The aim of the present study was to investigate processing of more complex auditory stimuli (as compared to simple tones) in relation to (i) ‘enduring’ as well as (ii) ‘transient’ states of the brain. Complex stimuli were first names that varied in salience on two dimensions, namely subjective relevance (SONs vs. UNs) and familiarity or paralinguistic aspects of emotional relevance. Specifically, stimuli were uttered by a familiar voice (FV) vs. a stranger’s voice (unfamiliar voice [UFV]). Regarding the first aim, we studied stimulus processing during all ‘enduring brain states’ across the vigilance continuum (i.e. during wakefulness, N1, N2, N3 and REM sleep) irrespective of the ‘transient state’. Regarding ‘transient’ brain states, we investigated between-stimulus differences in oscillatory activity when (i) a spindle was present during stimulus presentation, when a stimulus was presented during the (ii) positive slope of a SO, (iii) during the negative slope and when (iv) stimulus presentation evoked a SO. Processing was studied by comparing oscillatory brain responses evoked by stimulus presentation in each of these cases, that is event-related synchronisation (ERS) and desynchronisation (ERD) in the delta (1-3 Hz), theta (4-7 Hz), alpha (8-12 Hz) and sigma (11-15 Hz) frequency range.
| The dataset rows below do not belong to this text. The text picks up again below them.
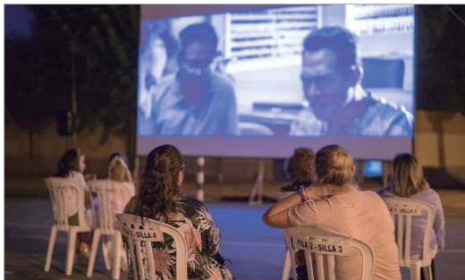
La Caldera, el Parque Miguel de Mañara y La Jarilla acogieron el cine.

'La Hacienda Encantada', 'Jarilla Estival' y 'Verano de cine' han sido las apuestas durante el verano para seguir empoderando a la cultura local con todas las medidas de seguridad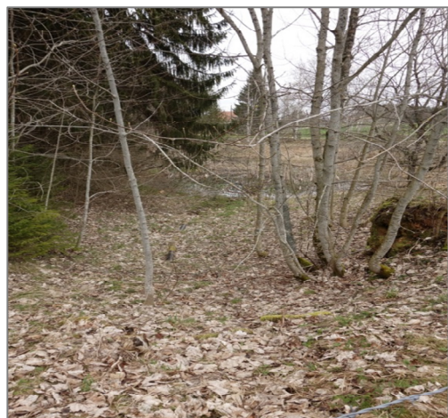
La mare complètement envahie par la végétation

La mare du Peu Péquignot : un endroit connu qui nous est cher. Malheureusement, on y déplore la rareté de l'eau, pour ne pas dire son absence !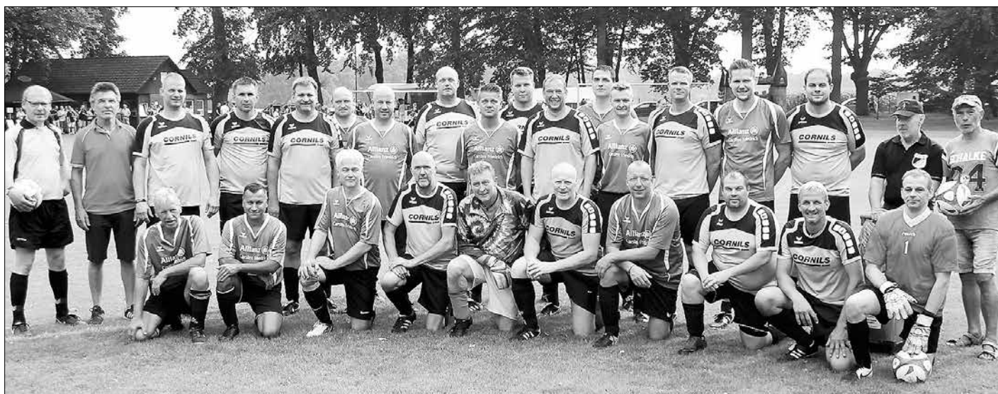
Beim so genannten Legendenspiel traten ehemalige Spieler vom TuS Eversen/Sülze an, wie zum Beispiel der heimische CDU-Bundestagsabgeordnete Henning Otte (hintere Reihe, Achter von rechts).

Functionally, delta ERS has repeatedly been linked to attentional processes and the detection of salient or motivationally relevant stimuli (for reviews see Knyazev, 2007; Knyazev, 2012) while theta ERS has been suggested to indicate the encoding of new information as well as working and episodic memory involvement (for a review see Klimesch, 1999; Klimesch et al., 2005). Alpha ERD on the other hand is thought to reflect task demands, attentional processes and memory retrieval processes (for a review see Klimesch, 1999; Klimesch et al., 1998). Importantly, all these interpretations have been established during wakefulness and it is likely that their functional roles are different during sleep. In a previous publication, we suggested that delta and theta ERS during sleep may mirror an inhibitory sleep-protecting response following initial processing of salient stimuli as has been suggested for sigma ERS (Blume et al., 2016).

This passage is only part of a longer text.